I think it's good that AT&T (and also 3GPP in some of its WebRTC standards work) seems to recognise that non-E.164 numbers have relevant roles to play. Also within the phone number space, there is potential for both your "real" phone number, and a secondary/temporary one. It's quite possible that some telcos will be able to monetise their number ranges here, as well as in other online areas such as commerce and privacy. I've seen a couple of presentations by Ericsson about GSMA's Mobile Connect approach recently, and I can see some interesting uses - although there are also some pitfalls such as full support of number portability with E.164-triggered ID, or how you deal with people with multiple (or shared) phone numbers.

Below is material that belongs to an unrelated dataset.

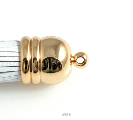Red Leather Tassel with Bell Cap in Gold, Red Cowhide Tassel / LRDG-006-T (1 piece)

We need to be realistic - there is not going to be "one ID to rule them all", at least for most of us. But having the flexibility to pick-and-choose on a use-case basis is beneficial to all. For me, a combination of phone, Facebook and Twitter handle probably cover 60-70% of my needs, but I still also want LinkedIn, Skype, Yahoo, email and various others as well. Everyone is going to be different here.

That said, there are also questions about whether it is right for companies and especially government bodies to insist on phone numbers as ID for communications, as they are not free for the user. I think there needs to be concerted action to make businesses give users a choice of online and "phone" identity options. I already make a point of entering my Skype ID or a WebRTC URL in web-forms if they don't force a numerical response, and I'm tempted to get an obscure international or premium-rate number to use if I'm forced to provide E.164 when I don't want to. But at the same time, there are instances where I'm happy to provide a +44 mobile or fixed number, especially if I trust a company not to send spam SMS. Offering that capability in WebRTC platforms is a positive option.


Moshe Maeir said...

Very interesting. I have been saying for years that there is a business case for aggregating identities since no one will have only one.

Dean Bubley said...

Hmm - I'm not sure identities *need* to be aggregated anywhere except in the user's skull.

Otherwise you have to trust the aggregator to not abuse the role, not do unwanted analytics or make cross-ID inferences etc.

In particular, I want absolutely no aggregation of my personal and business identities. I may well even want to use pseudonyms to prevent my very-recognisable name facilitating links.

Anonymous said...

I wrote something like this in 2011:

Unknown said...

There is certainly a case for a "wallet" of trusted identities, rather like credit cards in a physical wallet. Each one has its own level of trust and access rights, a validated MSISDN or SIM is more trusted than a FB login or email address, for example. It's essentially oAuth behind the scenes managing each identity and its scope.